The Government Accountability Office has released a report warning that medical devices are vulnerable to hacking and calling for greater FDA oversight of such devices, Bloomberg Businessweek reports.
Background on Report
The report was requested last year by Democratic Reps. Donna Edwards (Md.), Anna Eshoo (Calif.) and Edward Markey (Mass.).
The lawmakers asked GAO to review medical device safety issues after researchers demonstrated that hackers could remotely manipulate the operation of insulin pumps (Robertson, Bloomberg Businessweek, 9/27).
In the report, GAO noted that FDA has focused on the fact that unintentional interference -- such as electromagnetic activity -- could affect medical devices.

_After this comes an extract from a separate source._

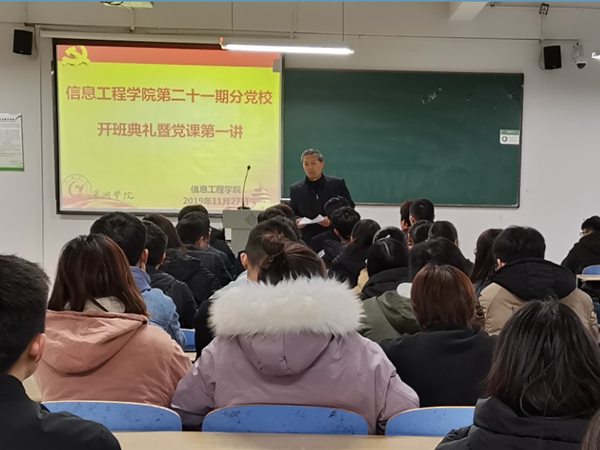 为加强对入党积极分子的培训,做好学生党员的发展工作,信息工程学院于2019年11月27日,中午12:30在慎思楼中104教室室举办2019年秋季(第二十一期)党课开班典礼暨党课第一讲,信息工程学院分党委书记陈士群、党课班主任樊乐乐及本期所有学员出席开班仪式。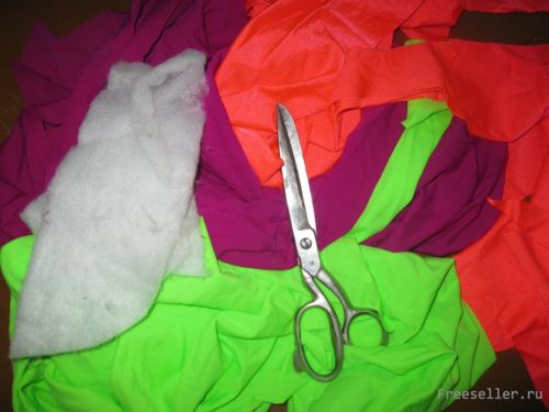 2) Прорезаем слои ткани ближе к строчке, вскрывая другие цвета;

FDA has devoted less time to examining how hacking attacks could harm medical devices, GAO said (Viebeck, "Healthwatch," The Hill, 9/27). The report stated that FDA "has not considered information security risks resulting from intentional threats" (Smith, NextGov, 9/27).
However, the report noted that there have been no documented instances of medical device hacking, aside from those performed for research purposes ("Healthwatch," The Hill, 9/27).
To better ensure the safety of medical devices, GAO recommended that FDA oversee the identification and investigation of security breaches that could affect equipment such as:
- Insulin pumps; and
Lawmakers Comment on Report
Eshoo in a statement said, "Implantable medical devices have resulted in tremendous medical benefits for the patients who use them, but the demonstrated security risks require a renewed emphasis by the FDA and manufacturers to identify, evaluate and plug the potentially rare but serious security holes that exist in these devices" (Bloomberg Businessweek, 9/27).
Markey in a statement said that the GAO report "underscores the need to require manufacturers to acknowledge these threats and for FDA to address the risks before the devices are sold to the public" ("Healthwatch," The Hill, 9/27).